TASK INSTRUCTIONS:
What is needed is a word-for-word copy of the lines below from the one with "SREBRNA BRANSOLETA Z BURSZTYNEM" through the one with "太陽光パネル導入時に必要な初", both included, with every picture left out.

LISTED RECORDS:

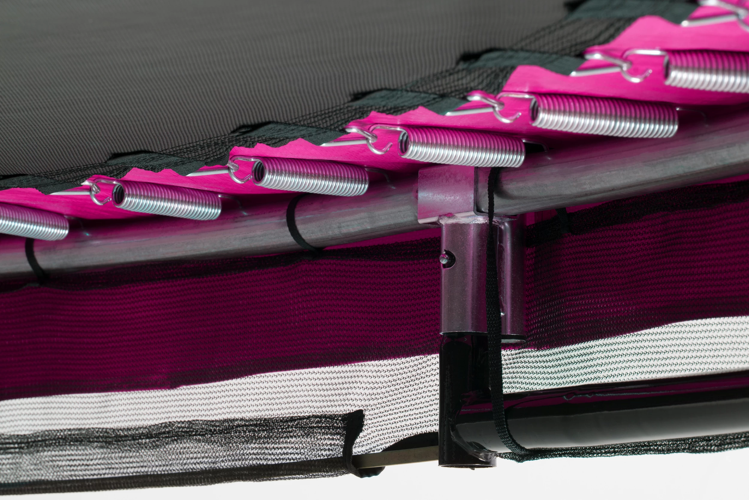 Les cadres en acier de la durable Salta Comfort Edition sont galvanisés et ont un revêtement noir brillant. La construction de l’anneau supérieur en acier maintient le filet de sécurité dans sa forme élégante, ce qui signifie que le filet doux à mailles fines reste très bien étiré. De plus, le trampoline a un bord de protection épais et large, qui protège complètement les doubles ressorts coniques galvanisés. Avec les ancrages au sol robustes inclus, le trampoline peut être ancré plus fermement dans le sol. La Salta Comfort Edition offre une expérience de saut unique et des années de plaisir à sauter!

---

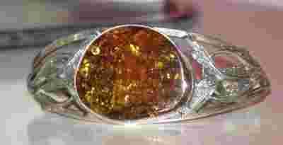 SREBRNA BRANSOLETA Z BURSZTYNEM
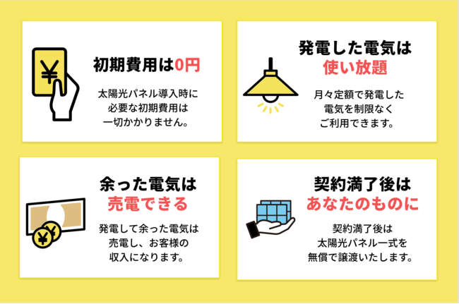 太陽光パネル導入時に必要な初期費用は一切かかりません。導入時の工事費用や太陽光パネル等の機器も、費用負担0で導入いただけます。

...

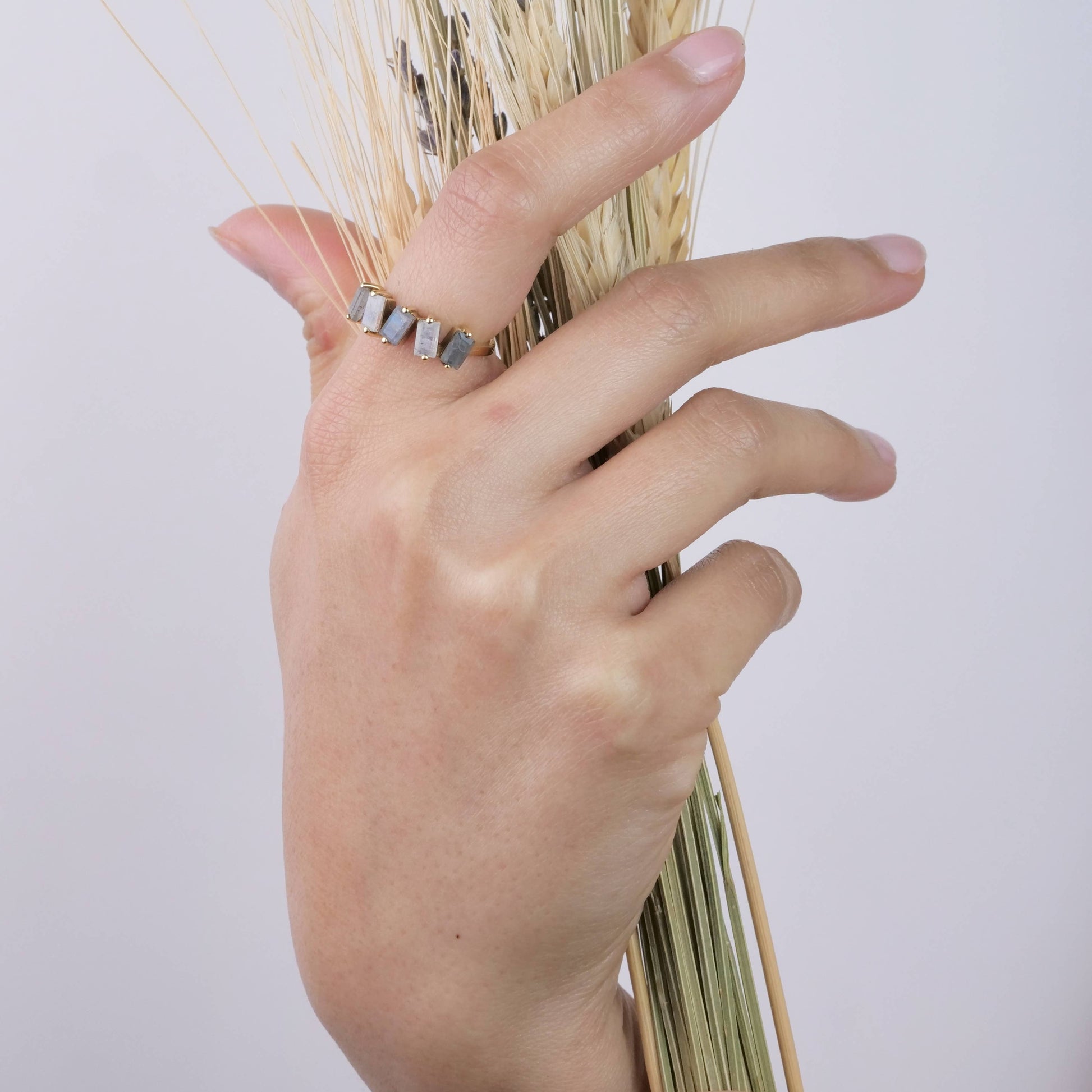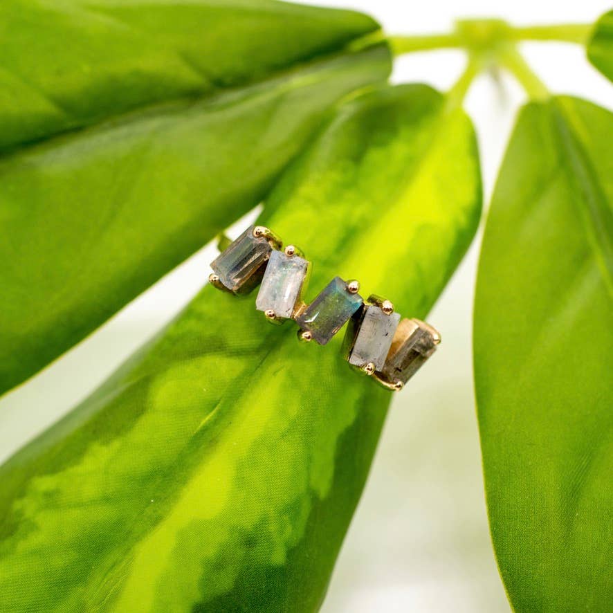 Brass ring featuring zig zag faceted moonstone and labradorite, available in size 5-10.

EXERCISE OUTPUT:
 SREBRNA BRANSOLETA Z BURSZTYNEM
 太陽光パネル導入時に必要な初期費用は一切かかりません。導入時の工事費用や太陽光パネル等の機器も、費用負担0で導入いただけます。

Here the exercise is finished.